Robert Scott Horning wrote:
At the very least, if there is to be a moritorium on new sister projects, please make that official policy on the part of the Wikimedia Foundation Board and get that stated on the New Project page, and perhaps even on the front page of Meta as well. On the other hand, if the board does intend to allow some new projects to be started if they are well thought out and have a support community behind them, there should be an official policy to silence the critics who seem to speak in a semi-official capacity on behalf of the board (even though I know they are not board members).
You want the Board to make a decision? Keep dreaming. If you want something done, do it yourself. Form your own organisation, secure your own funding, develop your own software.

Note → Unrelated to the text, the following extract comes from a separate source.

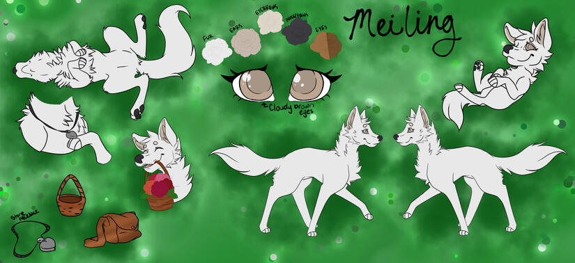 Meiling was born into Riverstead to two tundra wolf mixes by the names of Yingtai and Sultaan, alongside three siblings. Sultaan was a respected fisherman within the town, skilled in his craft and making enough coin to live steadily. He was renowned for his stern but caring nature, something that had always caught the she-wolf's attention. Yingtai was a charter but unlike Sultaan, she was incredibly inexperienced and frequently ran into issues throughout her duties. But she was incredibly sweet and daring, a bad individual in no way whatsoever. Getting lost and being unprepared for extra lengthy trips across the seas were the norm for Yingtai. For the longest time, the female never faced any life-changing consequences for all the things that seemed to go wrong. It all miraculously worked itself out in some way. That was until she became Sultaan's wife and was pregnant with her first litter, making her well-being crucial to that of her pups.Stubbornly throughout her time carrying the litter, Ying refused to stop working, even when her due date was just around the corner. And on one trip in particular across the stormy waters of Nevriande, the she-wolf's ship was violently thrown off course and her only crewmate was thrown overboard. After managing to survive the initial storm, Yingtai's ship crashed into an island a day later. From that point onward, survival became a major struggle for the expecting mother as she was already injured and unable to hunt. Days would go by as she could do nothing but starve, and only to make matters worse, she went into labor early. Hours of unassisted strained delivery later left the canine with five puppies, all alive but just barely. Three girls and two boys. The smallest of the litter happened to be a nearly all-snow-white girl, whom Yingtai named Meiling. Whilst the boys were named Aiguo and Finnegan and the other two girls were named Tao and Yuxuan.However, for the new family, only a few difficult days would pass before a rescue crew managed to find Yingtai before it was too late and bring her and her kids back to Riverstead. Sultaan was more than elated to be reunited with his wife and meet his newborn pups but life didn't get easier from that point onward. The growing pups ran into a multitude of issues due to being premature, the most drastic of which would be the vision loss observed in Meiling. As soon as their eyes were open, her corneas were noticeably cloudy and she struggled to respond to visual cues. Making the way she and her family alike go through life differently. By her parents' logic, the young wolf was expected to be accompanied by someone at all times and where she could go was very limited. It was done all in the name of her safety, but in turn, she was sheltered from most experiences that were normal parts of life.Meiling found it to be very unfair and soon began to feel like her family kept her trapped, so much so that she plotted to run away. She knew nothing about life or the true dangers of the world, but she desperately wanted to learn. At just a year old, the she-wolf made her great escape successfully and was surviving on her own on the outskirts of town. But surviving was all that she did, and just barely as she was virtually defenseless being so young. Luckily for Mei at the time, she'd crossed paths with a male Argentinian mastiff by the name of Dewi who was barely older than herself. Dewi presented himself as charming and the gullible young wolf was quick to begin living with him. With his help, she was no longer struggling, but physically that is. As early on in their relationship, the male demonstrated his preference to take care of Meiling in an overbearing manner.She was given even less freedom than what her parents gave her, and it sparked tension between the pair. The she-wolf never let the fights come to blows, but they were still quite loud and destructive. Meiling never hesitated to voice her mind in telling the male that she didn't need to be watched over like a child, but it always seemed to fall upon deaf ears. She was capable of doing so many things and yet Dewi acted like she couldn't. The stress he caused made Mei feel like she was going to lose her mind, and their relationship lasted seven months. It was constantly back and forth until the young female made the choice to run away again and leave yet another life behind. Like the first time, she did face hardship but now being a bit wiser it wasn't as bad as it could've been. And fortunately for the she-wolf, she ran into many travelers.Each of them kindly gave her directions to the capital of Skyheimr when asked where she could begin her life. The trip there wasn't easy in the slightest, as Meiling was dirty, starving, and injured, but she made it. There, she was able to finally see the joys of life without anyone's restraints. She was able to have discoveries and real friends and explore to her heart's content. Meiling soaked up every ounce of information she was given and would eventually take up a job as one of the city's medics. Soon, the female was able to make a living and better adjust to living within the crowded city, but it went without saying that she still hadn't seen much of the world. She's still quite young and must stick to paths easily traversable for someone such as herself, although Mei believes it's time to live with true freedom.

If there are genuine technical issues that need to be addressed so that starting en.wikiversity.org is somehow harder than to.wikibooks.org, I would like to know what those issues are that developers seem to be screaming about. Get technical and don't sugar coat it either, and if possible give hard examples. If the concern is purely social and getting the new project community organized, that may be a legitimate concern. I don't think it is in as many cases as the critics seems to believe it may be, and most new projects tend to recruit more people than would normally be participating with Wikipedia alone, so I don't think it necessarily bleeds other projects dry from volunteers. This is also an issue I would be more than willing to debate as well.
Some software requirements are listed at
http://meta.wikimedia.org/wiki/Wikiversity#Possible_software_needs
Making a comprehensive list is a job for a developer, and you don't seem to have any interested developers at the moment. It's much easier to put your name on a list of supporters than it is to write 1000 lines of code. Or indeed, to determine the requirements that that 1000 lines of code should fulfill.